Industri TV Berbayar di Asia Pasifik Alami Perlambatan Pertumbuhan (Foto: ilustrasi/Youngsters.id)

youngster.id - Analis industri Media Partners Asia (MPA), dalam laporannya yang baru dirilis, Asia Pacific Pay-TV & Broadband Markets, mengungkapkan bahwa industri TV berbayar se-Asia Pasifik akan mengalami perlambatan pertumbuhan.

“Para penyedia layanan TV berbayar semakin berfokus untuk mengemas ulang dan menetapkan ulang harga baik layanan linear maupun yang on-demand. Konten TV berbayar lokal dan regional di Asia juga semakin penting bagi industri TV berbayar dunia,” ujar Vivek Couto, Direktur Eksekutif MPA, dalam keterangan tertulisnya.

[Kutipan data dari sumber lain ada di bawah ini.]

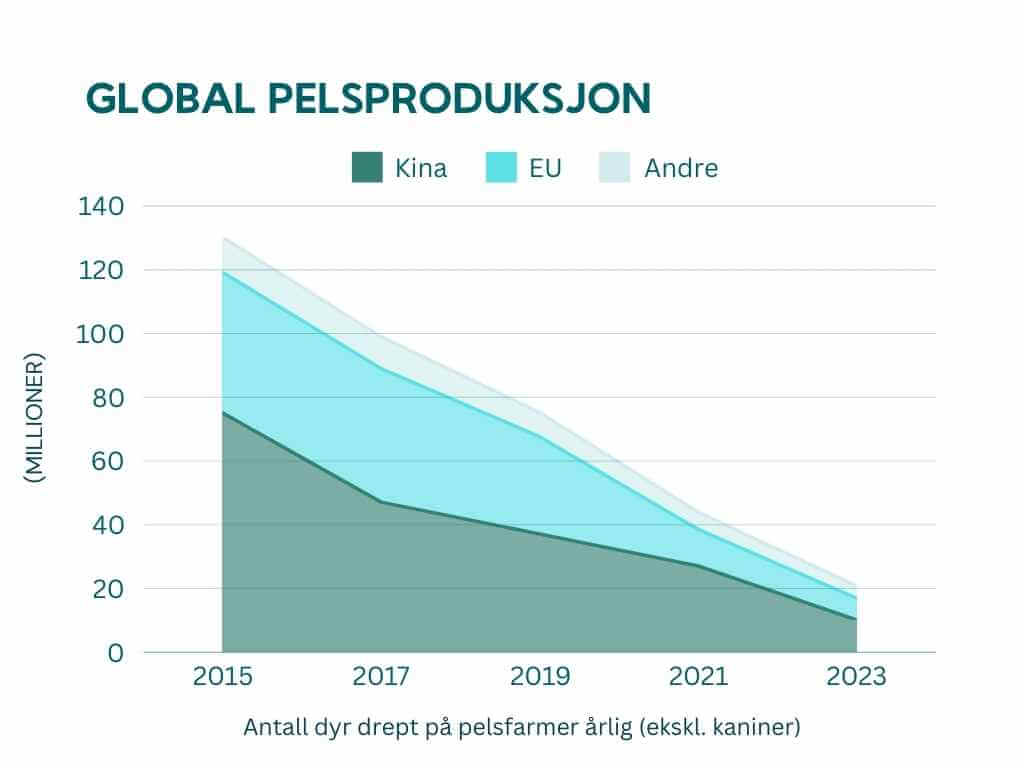 Fortsatt lider mange dyr i pelsindustrien, men i løpet av de siste ti årene har antallet dyr som drepes i pelsdyroppdrett globalt blitt redusert med over 80%. Antall pelsdyrfarmer i EU har i samme periode blitt redusert med nesten 80%, det gjenstår nå bare litt over 1000 pelsfarmer i hele EU. Også i Kina, som lenge har vært en dominerende aktør innenfor pelsproduksjon, ser man nå en tydelig nedgang i antall drepte dyr.

MPA memproyeksikan pendapatan industri TV berbayar di 18 pasar di Asia Pasifik akan naik dari US$ 54 miliar pada 2016 menjadi US$ 72 miliar pada 2021. Kemudian akan terus meroket mencapai US$ 81 miliar hingga 2025.

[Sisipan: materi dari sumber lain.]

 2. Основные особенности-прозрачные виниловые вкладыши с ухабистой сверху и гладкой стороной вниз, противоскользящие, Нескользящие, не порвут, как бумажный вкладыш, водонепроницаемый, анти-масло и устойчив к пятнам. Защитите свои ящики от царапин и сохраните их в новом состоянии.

Meskipun demikian, industri TV berbayar kini tengah mengalami perlambatan pertumbuhan jumlah pelanggan dan pendapatan, yang disebabkan oleh perlambatan pertumbuhan ekonomi dan meningkatnya persaingan dari para pemain TV berbayar baik yang legal maupun ilegal.

Lesunya pertumbuhan jumlah pelanggan TV berbayar terutama terjadi di Hong Kong, Indonesia, Malaysia, dan Singapura.

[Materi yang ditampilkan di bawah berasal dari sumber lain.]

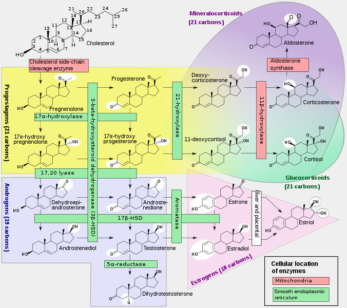 - 21 carbones (C21), progestérone (progestagènes), cortisol (glucocorticoïdes), aldostérone (minéralocorticoïdes) ;

Di belahan dunia lain, India dan Korea Selatan tetap kokoh menjadi dua pasar TV berbayar dengan pertumbuhan tertinggi dan peluang bisnis terbanyak di Asia Pasifik. Selain itu, industri TV berbayar juga diproyeksikan akan mengalami pertumbuhan secara signifikan di Australia dan Filipina, berkat pesatnya pertumbuhan jumlah pelanggan.

Meskipun demikian, tim analis MPA telah menurunkan prediksi pertumbuhan pelanggan di sebagian besar pasar di Asia Tenggara, khususnya di Indonesia, Malaysia, dan Singapura, walaupun ARPU (rerata pendapatan per pengguna) diperkirakan akan tetap stabil di Malaysia dan Singapura.

Sementara itu, industri TV berbayar di Tiongkok, akan tetap menjadi yang terbesar di Asia Pasifik dan terus bertransformasi menjadi semakin digital. Meskipun demikian, peluang pertumbuhan TV berbayar bagi lembaga-lembaga penyiaran relatif terbatas mengingat semakin ketat dan beragamnya regulasi serta persaingan dari para penyedia layanan video streaming gratis dan berbayar.

Di sejumlah negara lain di Asia Pasifik, layanan subscription-based video-on-demand (SVOD) memberikan dampak yang cukup signifikan terhadap industri TV berbayar, meski Netflix telah diluncurkan di seluruh dunia pada awal 2016. Di samping semakin ketatnya persaingan di kalangan penyedia SVOD regional dan lokal.

Fakta lain yang terungkap adalah semakin banyak pelanggan TV berbayar menurunkan paket atau bahkan berhenti berlangganan TV berbayar untuk kemudian beralih ke layanan serupa yang ilegal atau ke alternatif lain yang gratis dan ad-supported, baik pada platform TV maupun video streaming.

Di saat bersamaan, juga semakin banyak operator TV berbayar yang menawarkan set-top box yang dapat mengintegrasikan layanan video OTT. Selain itu, tidak sedikit operator (khususnya operator telekomunikasi) yang secara agresif membundel paket layanan, seperti TV berbayar dipaketkan dengan koneksi internet broadband berkecepatan tinggi. Hal ini membantu meningkatkan pertumbuhan jumlah pelanggan, khususnya di beberapa negara di Asia Tenggara.